First, base learner — decision tree

Decision trees are nonlinear, have strong fitting ability and can be adjusted quickly by pruning, so ensemble learning usually chooses decision trees as base learners. (Note: The base learner in XGBOOST can be CART regression tree – GBTree or linear classifier – Gblinear. This paper focuses on the tree model.

Decision tree is a simple machine learning regression/classification method. It is composed of if-then decision structures in a tree, with leaf nodes representing the final predicted value or category. Typical decision tree models are: ID3, C4.5 and CART.Decision tree algorithm can be summarized into two stages:

  • Tree growth: the idea is to build a tree recursively from top to bottom, which is a process of feature selection and division based on certain indicators such as (information gain, information gain ratio, GINi, square error).

  • The tree pruning: Decision tree is easy to over-fit data, that is, to grow tree model with too complex structure. The pruning algorithm can reduce the complexity and reduce the risk of overfitting.

The fundamental goal of the decision tree pruning algorithm is to minimize the loss function structural damage (+ experience loss), basic pre pruning strategy is “and” after pruning “pruning: of two strategies: (1) is in the process of decision tree generation, limit of maximum depth, leaf node number and the minimum sample size, etc., in order to reduce unnecessary complexity model; (2) Post-pruning: a complete decision tree is first generated from the training set, and then the verification set is used to investigate the non-leaf nodes from bottom to top. If the sub-tree corresponding to the node is replaced by leaf nodes (pruning), the generalization performance of the decision tree can be improved (namely, the loss of the objective function is smaller, and the commonly used objective function is as follows: Loss experience loss = model bias, loss to alpha | T | + model structure, T for the node number of alpha coefficient), replace the subtree as leaf nodes.
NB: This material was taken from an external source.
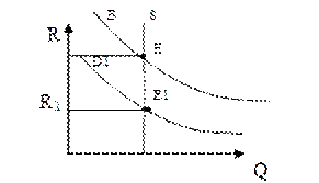 Линия спроса на землю D имеет отрицательный наклон. Линия предложения вертикальна оси ОХ, неэластична и постоянна. Точка Е – точка равновесия на рынке земли. Ей соответствует равновесная цена земли R – это равновесная рента или арендная плата. Поэтому изменение спроса может увеличивать или уменьшать цену земли. Цена земли зависит от величины земельной ренты. Чем больше земельная рента, тем при прочих равных условиях увеличивается цена данного участка земли.

Regression tree from Cart to GBDT

CART regression tree is a binary tree structure decision tree, GBDT, XGBoost and other gradient lifting methods use CART regression tree as the base learner. The growth of trees is divided by selecting features of squared error index and cutting points. That is to traverse all the segmentation points of all features, minimize the objective function, select the appropriate tree segmentation feature (j) and feature threshold (s) to find the optimal segmentation feature and segmentation point, and finally obtain a regression tree.

For example, the tree nodes in the figure below are split based on feature (age). Let the samples whose eigenvalue is less than threshold (20) be divided into left subtree and other samples into right subtree.

GBDT(Gradient Elevation decision Tree) XGBOOST improves efficiency on the basis of GBDT. GBDT(Gradient Boosting Decision Tree) is a Boosting Decision Tree for Xgboost. The principle of GBDT serial learning can be divided into three steps:

  1. Initialize to fit the first Cart regression tree by learning the data set. The Tree1 tree in the figure below learns to predict the true value Y, and the final model predicts the output Y1.
  2. The next Cart regression tree is fitted by learning the residual of the previous tree (residual is the error between the predicted value and the true value, and the key in GBDT algorithm is to use the negative gradient of the loss function as the approximate value of the residual), and then the base learner learns the Cart tree sequentially. Tree2 in the figure below learns the negative gradient data (y-y1) of Tree1’s loss function.
  3. The final model prediction value is the sum of the prediction results of all serial Cart regression tree outputs.

XGBOOST (eXtreme Gradient Boosting)

XGBOOSTSimilar to GBDT serial learning, treE1 and TREE2 are learned as shown in the following figure. The prediction is to add the results of TREE1 and TREE2.

The main differences between XGBoost and GBDT are as follows:

  • The loss function adds the regular term OMEGA

The regularization term penalizes the number of nodes and the weight of leaf nodes to reduce the overfitting of the model. The loss function is shown in the figure below:

  • By Taylor Taylor expansion, tree growth is directly linked to the loss function

Xgboost uses a second-order Taylor expansion to apply a custom loss function, obj, using Taylor expansion terms to make an approximation.

It is clear that the final objective function depends only on the first derivative gi and second derivative Hi of each data point on the error function. The derivative of this objective function obj is equal to 0, giving a leaf node weight w*

Substitute obj to get the expression of the value of the leaf node

Each part in the objective function OBj represents the contribution degree of each leaf node to the current model loss. After the fusion, the calculation expression of Gain is obtained as follows:

Process of the growth of tree, which is using the split criteria of expression is deduced for all features do it again from left to right scan can enumerate all segmentation point of gradient and GL and GR values, and then compute the Gain of the formula to calculate each division of the scores and choose to Gain maximum segmentation scheme, split after the calculation of its corresponding value w * leaf nodes.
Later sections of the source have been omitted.